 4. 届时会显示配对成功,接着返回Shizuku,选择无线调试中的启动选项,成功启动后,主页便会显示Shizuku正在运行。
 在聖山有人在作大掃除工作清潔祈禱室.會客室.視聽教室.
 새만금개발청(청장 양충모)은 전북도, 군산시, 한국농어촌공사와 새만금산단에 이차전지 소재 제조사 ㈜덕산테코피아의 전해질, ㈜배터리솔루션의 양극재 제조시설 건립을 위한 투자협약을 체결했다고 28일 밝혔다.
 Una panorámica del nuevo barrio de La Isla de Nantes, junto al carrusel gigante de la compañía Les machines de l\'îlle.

----------------------------------------

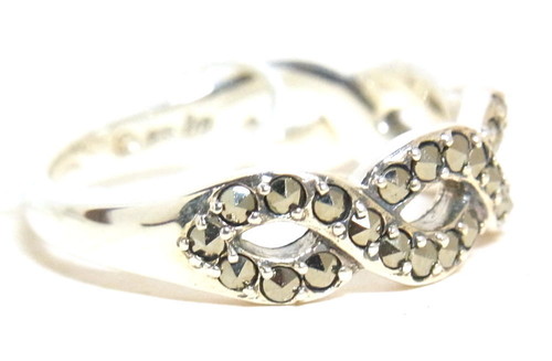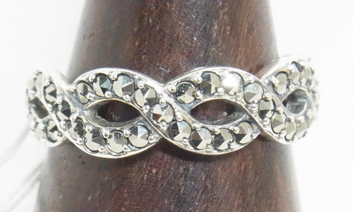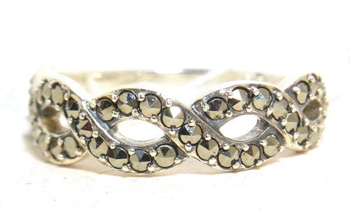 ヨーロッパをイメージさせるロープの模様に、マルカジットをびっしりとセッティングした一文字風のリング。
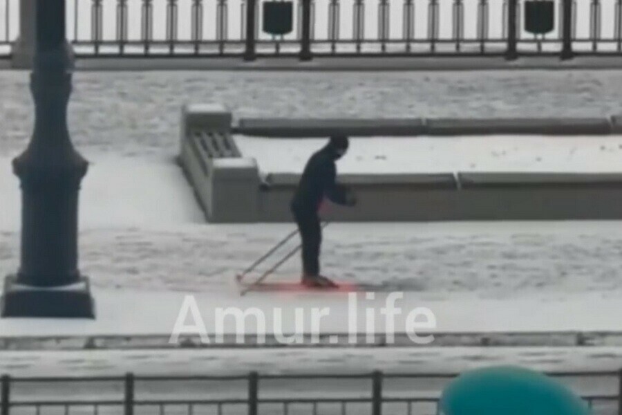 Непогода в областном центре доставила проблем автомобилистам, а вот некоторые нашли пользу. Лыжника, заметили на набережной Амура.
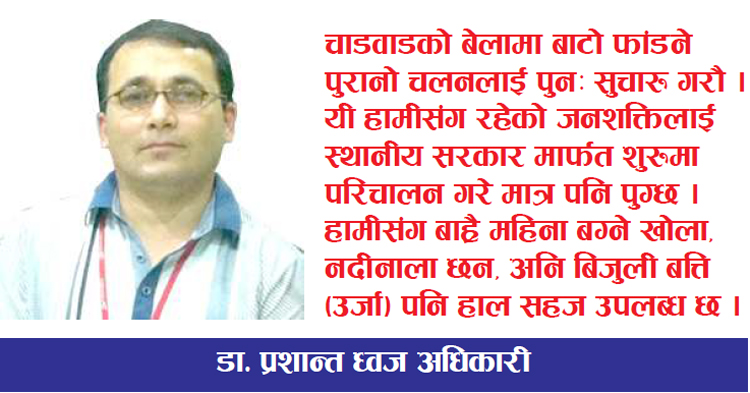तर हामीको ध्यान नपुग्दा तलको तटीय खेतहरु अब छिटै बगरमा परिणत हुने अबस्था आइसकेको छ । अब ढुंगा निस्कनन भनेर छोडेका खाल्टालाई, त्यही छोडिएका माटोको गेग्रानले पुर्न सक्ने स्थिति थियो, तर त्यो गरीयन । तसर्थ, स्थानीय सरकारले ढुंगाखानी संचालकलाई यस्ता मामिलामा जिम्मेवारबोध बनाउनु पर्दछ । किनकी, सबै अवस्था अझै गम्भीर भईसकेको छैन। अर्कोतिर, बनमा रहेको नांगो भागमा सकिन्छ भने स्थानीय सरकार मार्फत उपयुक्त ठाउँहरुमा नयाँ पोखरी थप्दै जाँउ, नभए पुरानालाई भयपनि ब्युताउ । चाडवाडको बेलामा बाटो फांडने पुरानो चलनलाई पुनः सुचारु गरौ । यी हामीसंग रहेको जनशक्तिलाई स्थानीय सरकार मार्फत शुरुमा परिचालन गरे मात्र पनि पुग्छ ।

----------------------------------------

Work item: What you return must match, character for character, the lines above from the one with "Непогода в областном" through the one with "तर हामीको ध्यान", minus any pictures.

Result for this task:
 Непогода в областном центре доставила проблем автомобилистам, а вот некоторые нашли пользу. Лыжника, заметили на набережной Амура.
तर हामीको ध्यान नपुग्दा तलको तटीय खेतहरु अब छिटै बगरमा परिणत हुने अबस्था आइसकेको छ । अब ढुंगा निस्कनन भनेर छोडेका खाल्टालाई, त्यही छोडिएका माटोको गेग्रानले पुर्न सक्ने स्थिति थियो, तर त्यो गरीयन । तसर्थ, स्थानीय सरकारले ढुंगाखानी संचालकलाई यस्ता मामिलामा जिम्मेवारबोध बनाउनु पर्दछ । किनकी, सबै अवस्था अझै गम्भीर भईसकेको छैन। अर्कोतिर, बनमा रहेको नांगो भागमा सकिन्छ भने स्थानीय सरकार मार्फत उपयुक्त ठाउँहरुमा नयाँ पोखरी थप्दै जाँउ, नभए पुरानालाई भयपनि ब्युताउ । चाडवाडको बेलामा बाटो फांडने पुरानो चलनलाई पुनः सुचारु गरौ । यी हामीसंग रहेको जनशक्तिलाई स्थानीय सरकार मार्फत शुरुमा परिचालन गरे मात्र पनि पुग्छ ।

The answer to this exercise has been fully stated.